WCMA Notes: UPF Definition Poses Threat to Dairy Consumption, Americans’ Best Health

Posted By: Rebekah Sweeney Advocacy, WCMA News,

America faces rising rates of obesity, diabetes, cancer, and cardiovascular disease that strain our health care system, and negatively impact the lives of millions.  Policymakers are right to seek nutrition-based solutions and the latest report from the Make America Healthy Again (MAHA) Commission includes some proposals dairy leaders can applaud – namely, calls for enhanced nutrition in schools and veterans' programs, along with new educational campaigns focused on healthy eating. 

The MAHA report, however, also shares ideas that raise concern for our industry – including a strong push for a federal definition of “ultra-processed foods” (UPFs).   This comes after a formal request for public comments on the concept of defining UPFs from the U.S. Food & Drug Administration (FDA) and the U.S. Department of Agriculture (USDA), along with messaging from U.S. Health & Human Services Secretary Robert F. Kennedy, Jr. pointing the finger at UPFs for “driving our chronic disease epidemic.” 

It is clear that federal regulators are now seriously considering the use of foreign frameworks like Brazil’s NOVA classification system, which categorizes foods based on the extent of processing or the number of ingredients, rather than nutrient content of a food product. 

Wisconsin Cheese Makers Association (WCMA), representing more than 850 companies and cooperatives across 44 states, finds this a misguided approach – and one that threatens both dairy consumption and Americans’ best health. 

Both in WCMA’s filed public comments on defining UPFs and in direct communication with policymakers, our Association is strongly urging agency leaders to rethink their strategy.  Defining UPFs and creating a classification system stands to stigmatize many dairy foods that are safe, nourishing, and essential to diets – simply because of the way they’re made.
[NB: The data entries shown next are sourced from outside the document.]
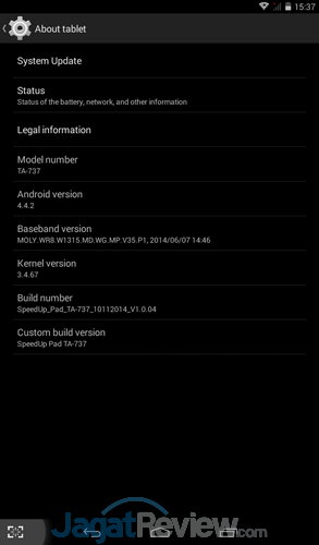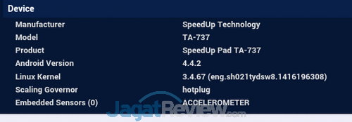 SpeedUp mempercayakan OS kepada Android 4.4.2 KitKat. Tidak ada yang spesial dari sisi UI. Pengguna akan menemukan empat buah tombol virtual di bagian bawah layar yang berfungsi sebagai Back, Home, Recent Apps, dan tombol untuk screenshot.
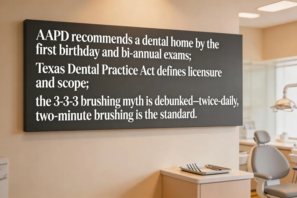 The “3‑3‑3” myth suggests brushing three times a day for three minutes and stopping three hours before bedtime. Major dental organizations endorse brushing twice daily for two minutes; excessive frequency or duration offers no added benefit and may irritate gums.
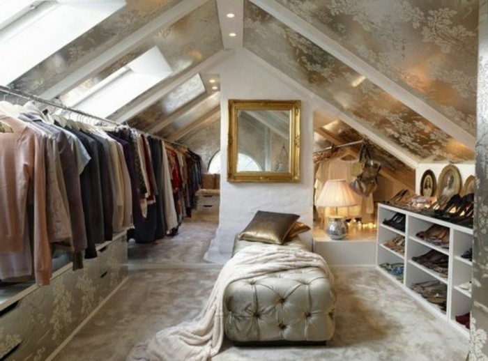 Begehbare kleiderschraenke dachzimmer golden gestaltet garderobenstaender

In practice, a cup of fortified yogurt or a protein-packed slice of cheese could be treated as nutritionally suspect, because it required pasteurization, culture development, or added rennet to create.  This outcome would run contrary to established nutritional science standards. 

Make no mistake, the U.S. has a gold-standard food regulation system. Between FDA’s Nutrition Facts panel, mandatory ingredient labeling, and tightly regulated health and nutrient claims, consumers have more transparency in the marketplace now than ever. Add to that the Dietary Guidelines for Americans, updated every five years, historically with rigorous scientific review, and Americans already have the tools they need to make informed food choices. 

Layering a new “ultra-processed” label over this framework risks confusing the public, potentially turning them away from all the goodness dairy has to offer. Milk, cheese, yogurt, and other dairy products deliver high-quality proteins, calcium, potassium, phosphorus, riboflavin, vitamin B12, and vitamin D in fortified varieties. Decades of peer-reviewed studies demonstrate the association of many dairy products – including those that go through multi-step processing – with lower risks of cardiovascular disease, hypertension, osteoporosis, and even certain cancers. Meta-analyses of randomized controlled trials have found dairy consumption can help reduce body fat while preserving lean muscle. Large cohort studies have linked higher dairy intake with lower incidence of metabolic syndrome and type 2 diabetes. 

Processing does not create a barrier to those health benefits – and, in fact, it protects against threats to consumers’ wellness. Pasteurization keeps milk and other dairy products safe for consumption. Fermentation gives us probiotic-rich yogurts. Fortification has helped eliminate diseases in the U.S. More recent innovations like lactose-free dairy, A2 milk, and extended shelf-life technologies have opened doors for millions more consumers to enjoy dairy’s benefits, no matter their individual dietary needs. 

If “processing” becomes shorthand for “unhealthy,” we risk discouraging the very practices that keep food safe, reduce waste, and deliver innovation. For dairy processors, it could stifle investment in new health-forward products just as consumer demand for high-protein, functional foods is exploding. 

Public health progress will not come from a federal definition of “ultra-processed foods” or from any food classification system that penalizes products based primarily on factors like the number of ingredients they include or how they are made.  Progress will come from strengthening the tools our country already has – transparent labeling, rigorous science, strong dietary guidance - and efforts to ensure consumers trust and use them.  It will come from partnering with the dairy industry to build increased access to the milk, cheese, yogurt, and other dairy products essential to Americans’ best health.